Things went from bad to worse. Finally, I decided to try to solve the problem myself. I had known Dinah well for many years and had a good relationship with her before the incident. I took her to lunch to address the issue. Over lunch, I acknowledged the stress the Partco situation had put on her and suggested that she move away for a while to the West Coast, where she could handle that area independently.
Dinah was hurt and asked why I didn’t just fire her already. I responded by accusing her of causing the problem in the first place by going to Partco.
Dinah came back at me, calling me a lackey for having taken her story to Fred and having brought his management message back. She said I hadn’t even attempted a solution and that I didn’t have the guts to stand up for what was right. I was only interested in protecting my backside and keeping Fred happy. As her manager, I should have protected her and taken some of the heat off her back. Dinah refused to transfer or to quit. She told me to go ahead and fire her, and she walked out.

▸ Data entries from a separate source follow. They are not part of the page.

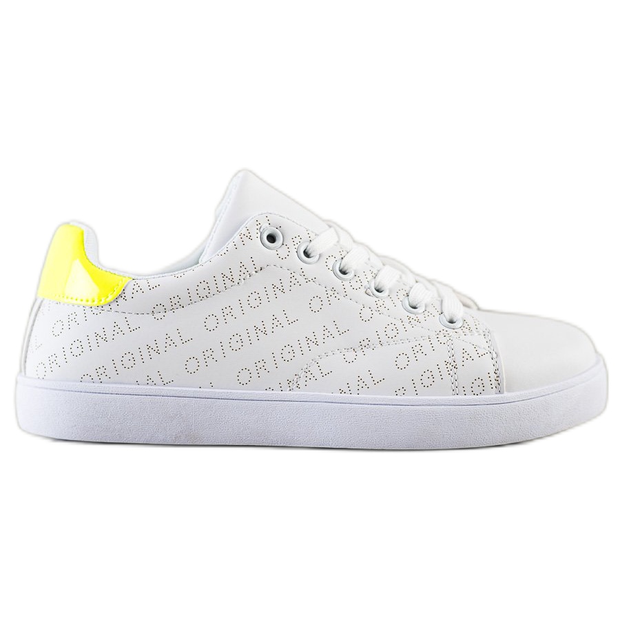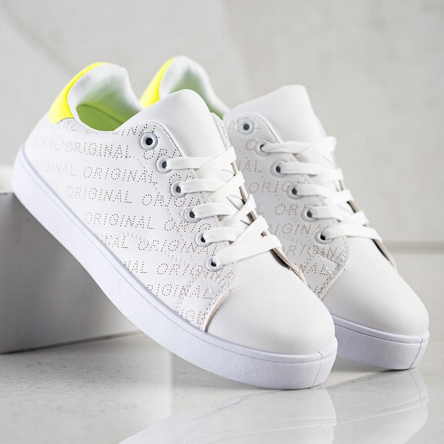 Nämä kengät on valmistettu kiinnittäen huomiota yksityiskohtiin, ja ne houkuttelevat huomiota hienostuneella ulkonäöllään. Nahkaa jäljittelevästä materiaalista valmistettu päällinen ei vain näytä tyylikkäältä, vaan on myös helppo puhdistaa. Valkoiset värit lisäävät rentoa eleganssia, kun taas alkuperäinen kohokuviointi ja kirjoitukset sivuilla korostaa SHELOVET-tuotemerkin luonnetta. Keltainen sisäosa kantapäässä on erityinen, suunnittelija-aksentti.
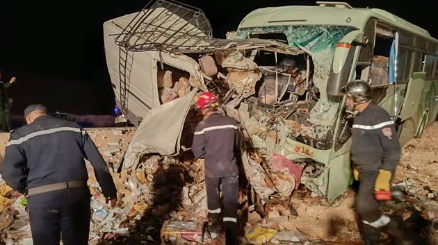وحسب الحصيلة الأولية، فإن الحادث قد تسبب في وفاة 5 أشخاص على عين المكان، فيما لفظت الضحية السادسة أنفاسها الأخيرة بعد الحادث بقليل، إضافة إلى إصابة 14 آخرين بجروح منهم 3 في حالة خطرة.
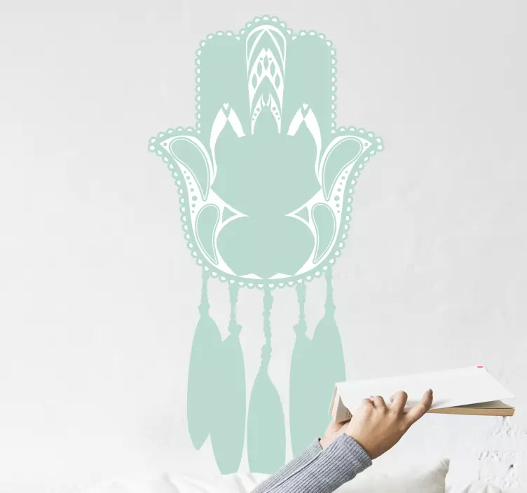 Transform your living space with our Decoration wall sticker graceful botanical emblem, featuring an artistic design that elegantly combines a dreamcatcher, a hand, and floral elements. The stunning turquoise and teal hues bring nature indoors, creating a serene and refreshing atmosphere. This exquisite piece is a perfect blend of elegance and creativity, making it an ideal choice for those who appreciate artistic decor!
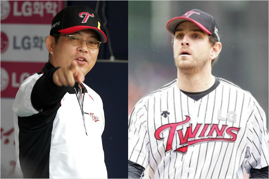 '리오단, 걱정 마!' 양상문 LG 감독은 올해 부진을 보이고 있는 외국인 투수 리오단(오른쪽)에 대해 일단 안고 간다며 믿음을 실어줬다.(자료사진=LG)

I sat in a daze as I watched Dinah leave the restaurant. What the heck went wrong? Had Dinah done the morally right thing? Was I right in defending MagRec’s position? Should I have taken a stand with Fred? Should I have gone over Fred’s head to Mr. Leed? Am I doing the right thing? Should I listen to Fred and fire Dinah? If not, how do I get my department back on track? What am I saying? If Dinah is right, shouldn’t I be defending her rather than MagRec?